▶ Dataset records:
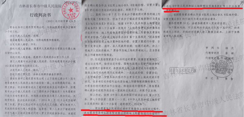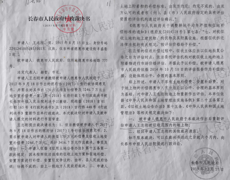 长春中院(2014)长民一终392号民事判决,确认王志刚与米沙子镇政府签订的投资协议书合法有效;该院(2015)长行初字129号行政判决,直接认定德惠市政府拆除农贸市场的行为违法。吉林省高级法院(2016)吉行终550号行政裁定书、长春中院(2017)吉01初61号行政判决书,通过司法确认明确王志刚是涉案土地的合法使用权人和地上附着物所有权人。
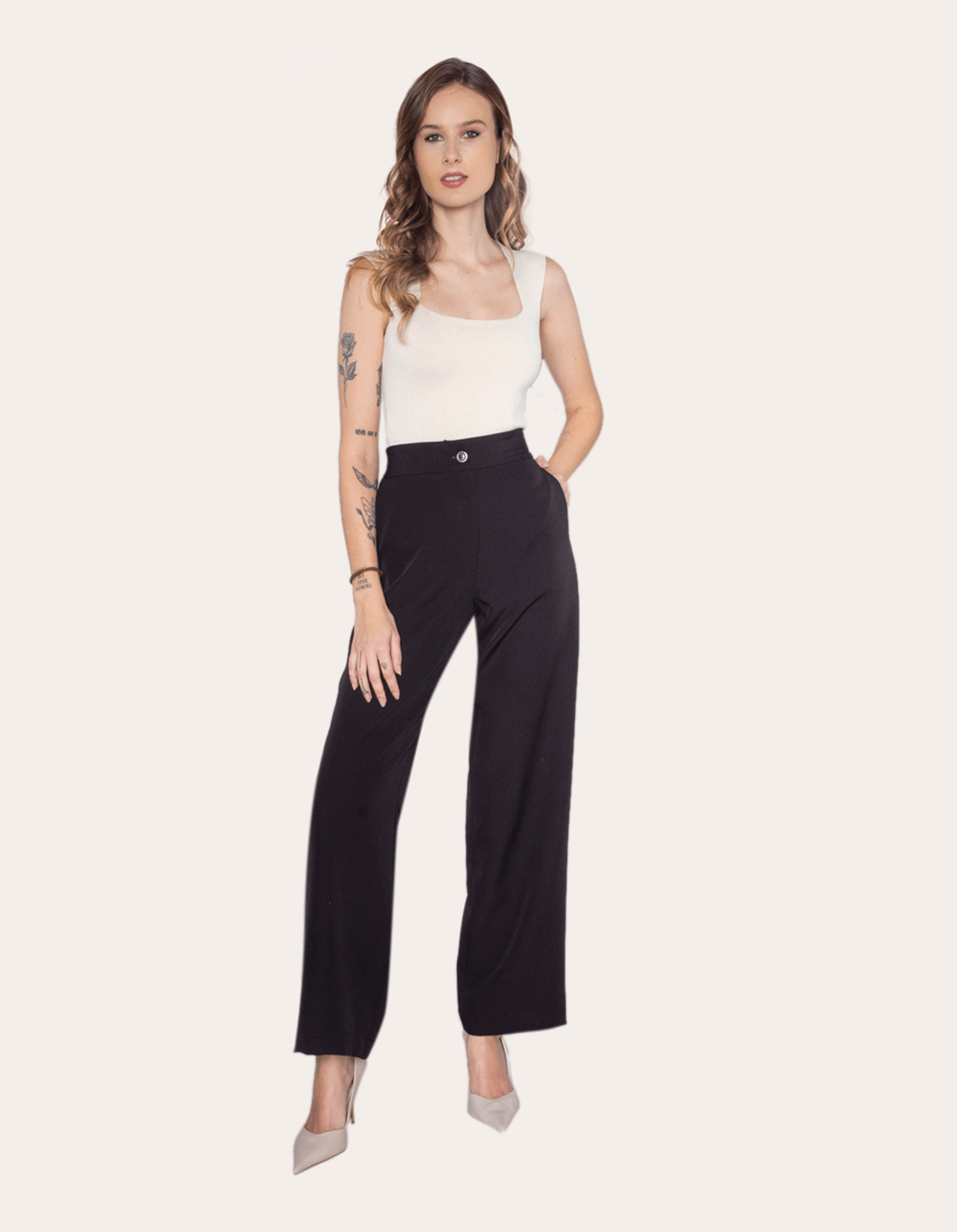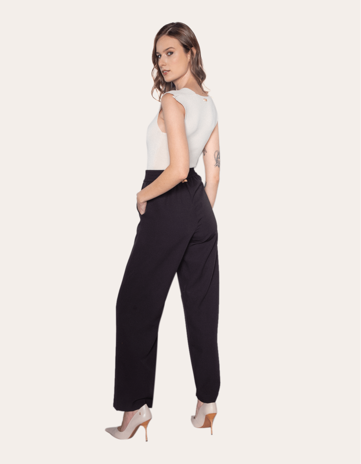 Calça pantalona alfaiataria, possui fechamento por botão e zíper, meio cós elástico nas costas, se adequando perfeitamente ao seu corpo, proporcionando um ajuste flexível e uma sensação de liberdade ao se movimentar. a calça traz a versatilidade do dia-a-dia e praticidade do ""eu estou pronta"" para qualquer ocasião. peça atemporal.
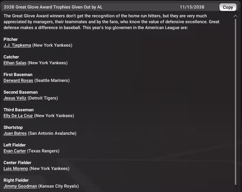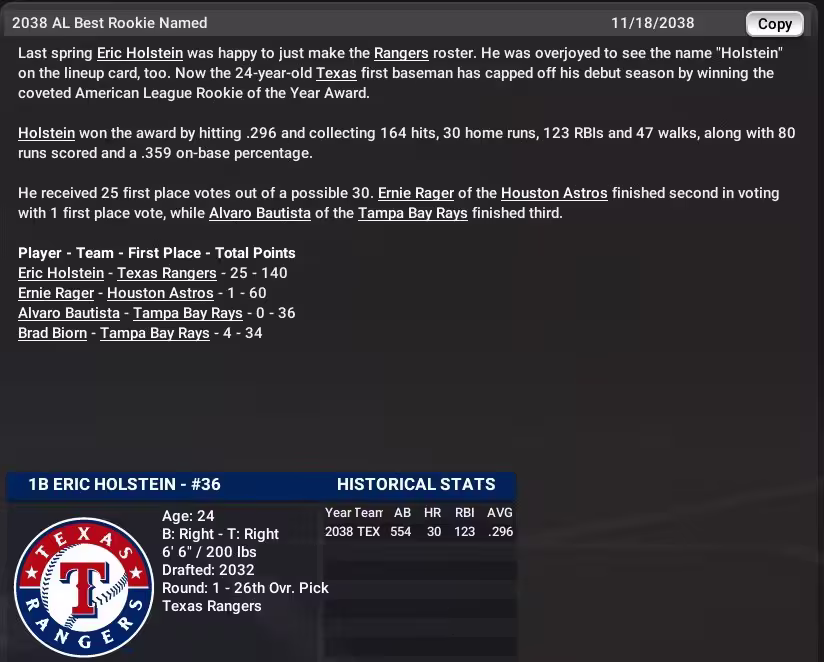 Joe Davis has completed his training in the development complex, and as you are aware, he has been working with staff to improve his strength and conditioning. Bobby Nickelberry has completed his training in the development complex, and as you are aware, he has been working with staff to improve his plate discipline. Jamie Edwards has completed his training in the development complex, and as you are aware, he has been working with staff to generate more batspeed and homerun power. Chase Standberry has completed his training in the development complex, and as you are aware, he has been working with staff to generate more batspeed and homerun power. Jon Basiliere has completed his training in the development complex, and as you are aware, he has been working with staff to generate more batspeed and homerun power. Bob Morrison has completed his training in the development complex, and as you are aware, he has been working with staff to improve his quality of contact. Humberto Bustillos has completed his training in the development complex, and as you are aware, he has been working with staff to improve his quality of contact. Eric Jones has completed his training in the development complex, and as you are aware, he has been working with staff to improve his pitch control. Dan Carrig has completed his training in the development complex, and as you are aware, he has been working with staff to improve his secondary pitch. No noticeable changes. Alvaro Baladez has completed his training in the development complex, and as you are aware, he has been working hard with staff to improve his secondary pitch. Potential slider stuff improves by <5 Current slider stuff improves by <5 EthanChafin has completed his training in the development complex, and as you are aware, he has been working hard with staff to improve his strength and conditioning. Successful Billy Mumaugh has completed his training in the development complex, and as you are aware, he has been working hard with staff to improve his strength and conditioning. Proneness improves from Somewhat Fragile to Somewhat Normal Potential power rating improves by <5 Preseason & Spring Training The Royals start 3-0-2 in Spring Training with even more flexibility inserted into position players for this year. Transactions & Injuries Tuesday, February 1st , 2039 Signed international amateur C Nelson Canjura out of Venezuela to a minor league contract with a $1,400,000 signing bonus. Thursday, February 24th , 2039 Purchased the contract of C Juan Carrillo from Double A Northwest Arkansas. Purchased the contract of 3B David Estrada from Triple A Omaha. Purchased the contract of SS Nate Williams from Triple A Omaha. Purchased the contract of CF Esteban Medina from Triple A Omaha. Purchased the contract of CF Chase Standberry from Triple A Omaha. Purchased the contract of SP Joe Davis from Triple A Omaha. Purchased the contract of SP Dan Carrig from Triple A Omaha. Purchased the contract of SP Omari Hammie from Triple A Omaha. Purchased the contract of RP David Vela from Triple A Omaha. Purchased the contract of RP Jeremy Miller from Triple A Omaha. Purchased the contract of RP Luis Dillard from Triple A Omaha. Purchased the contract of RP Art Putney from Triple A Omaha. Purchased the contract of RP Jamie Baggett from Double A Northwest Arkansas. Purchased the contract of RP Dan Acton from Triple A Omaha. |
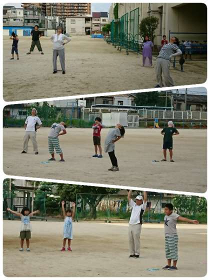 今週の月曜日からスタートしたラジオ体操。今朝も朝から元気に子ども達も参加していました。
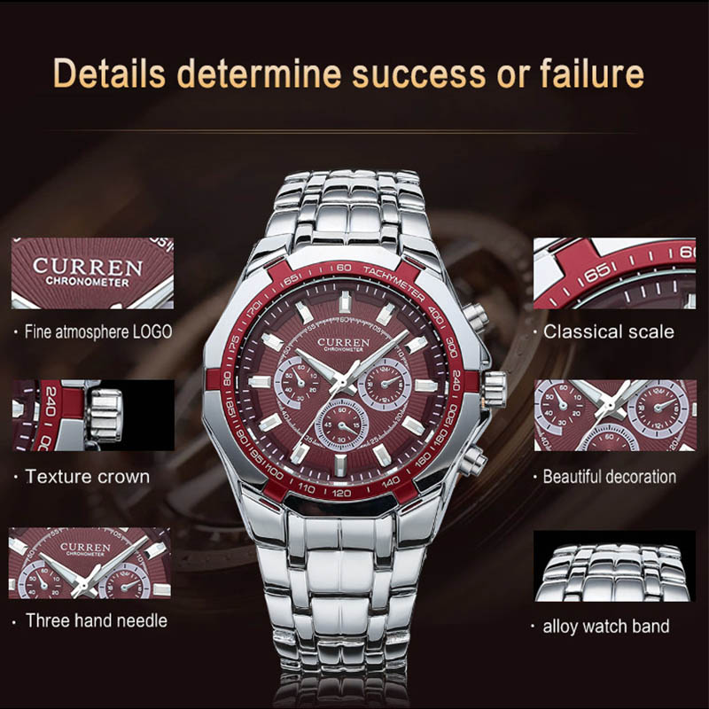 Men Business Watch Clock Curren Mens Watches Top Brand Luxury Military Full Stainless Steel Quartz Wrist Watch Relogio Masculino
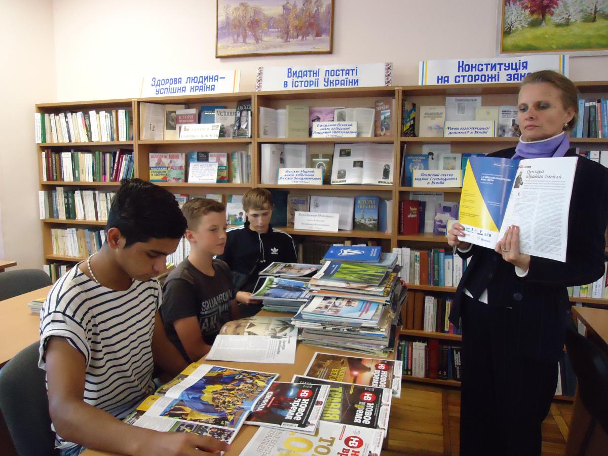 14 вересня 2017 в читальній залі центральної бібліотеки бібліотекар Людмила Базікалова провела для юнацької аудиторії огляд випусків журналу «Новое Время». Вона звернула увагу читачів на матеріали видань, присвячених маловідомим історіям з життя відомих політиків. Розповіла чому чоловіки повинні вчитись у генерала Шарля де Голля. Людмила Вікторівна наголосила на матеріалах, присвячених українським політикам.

▶ Instructions for the task: Give back the data exactly. Pictures stay out.

▶ Answer for this exercise:
 长春中院(2014)长民一终392号民事判决,确认王志刚与米沙子镇政府签订的投资协议书合法有效;该院(2015)长行初字129号行政判决,直接认定德惠市政府拆除农贸市场的行为违法。吉林省高级法院(2016)吉行终550号行政裁定书、长春中院(2017)吉01初61号行政判决书,通过司法确认明确王志刚是涉案土地的合法使用权人和地上附着物所有权人。
 Calça pantalona alfaiataria, possui fechamento por botão e zíper, meio cós elástico nas costas, se adequando perfeitamente ao seu corpo, proporcionando um ajuste flexível e uma sensação de liberdade ao se movimentar. a calça traz a versatilidade do dia-a-dia e praticidade do ""eu estou pronta"" para qualquer ocasião. peça atemporal.
 Joe Davis has completed his training in the development complex, and as you are aware, he has been working with staff to improve his strength and conditioning. Bobby Nickelberry has completed his training in the development complex, and as you are aware, he has been working with staff to improve his plate discipline. Jamie Edwards has completed his training in the development complex, and as you are aware, he has been working with staff to generate more batspeed and homerun power. Chase Standberry has completed his training in the development complex, and as you are aware, he has been working with staff to generate more batspeed and homerun power. Jon Basiliere has completed his training in the development complex, and as you are aware, he has been working with staff to generate more batspeed and homerun power. Bob Morrison has completed his training in the development complex, and as you are aware, he has been working with staff to improve his quality of contact. Humberto Bustillos has completed his training in the development complex, and as you are aware, he has been working with staff to improve his quality of contact. Eric Jones has completed his training in the development complex, and as you are aware, he has been working with staff to improve his pitch control. Dan Carrig has completed his training in the development complex, and as you are aware, he has been working with staff to improve his secondary pitch. No noticeable changes. Alvaro Baladez has completed his training in the development complex, and as you are aware, he has been working hard with staff to improve his secondary pitch. Potential slider stuff improves by <5 Current slider stuff improves by <5 EthanChafin has completed his training in the development complex, and as you are aware, he has been working hard with staff to improve his strength and conditioning. Successful Billy Mumaugh has completed his training in the development complex, and as you are aware, he has been working hard with staff to improve his strength and conditioning. Proneness improves from Somewhat Fragile to Somewhat Normal Potential power rating improves by <5 Preseason & Spring Training The Royals start 3-0-2 in Spring Training with even more flexibility inserted into position players for this year. Transactions & Injuries Tuesday, February 1st , 2039 Signed international amateur C Nelson Canjura out of Venezuela to a minor league contract with a $1,400,000 signing bonus. Thursday, February 24th , 2039 Purchased the contract of C Juan Carrillo from Double A Northwest Arkansas. Purchased the contract of 3B David Estrada from Triple A Omaha. Purchased the contract of SS Nate Williams from Triple A Omaha. Purchased the contract of CF Esteban Medina from Triple A Omaha. Purchased the contract of CF Chase Standberry from Triple A Omaha. Purchased the contract of SP Joe Davis from Triple A Omaha. Purchased the contract of SP Dan Carrig from Triple A Omaha. Purchased the contract of SP Omari Hammie from Triple A Omaha. Purchased the contract of RP David Vela from Triple A Omaha. Purchased the contract of RP Jeremy Miller from Triple A Omaha. Purchased the contract of RP Luis Dillard from Triple A Omaha. Purchased the contract of RP Art Putney from Triple A Omaha. Purchased the contract of RP Jamie Baggett from Double A Northwest Arkansas. Purchased the contract of RP Dan Acton from Triple A Omaha. |
 今週の月曜日からスタートしたラジオ体操。今朝も朝から元気に子ども達も参加していました。
 Men Business Watch Clock Curren Mens Watches Top Brand Luxury Military Full Stainless Steel Quartz Wrist Watch Relogio Masculino
 14 вересня 2017 в читальній залі центральної бібліотеки бібліотекар Людмила Базікалова провела для юнацької аудиторії огляд випусків журналу «Новое Время». Вона звернула увагу читачів на матеріали видань, присвячених маловідомим історіям з життя відомих політиків. Розповіла чому чоловіки повинні вчитись у генерала Шарля де Голля. Людмила Вікторівна наголосила на матеріалах, присвячених українським політикам.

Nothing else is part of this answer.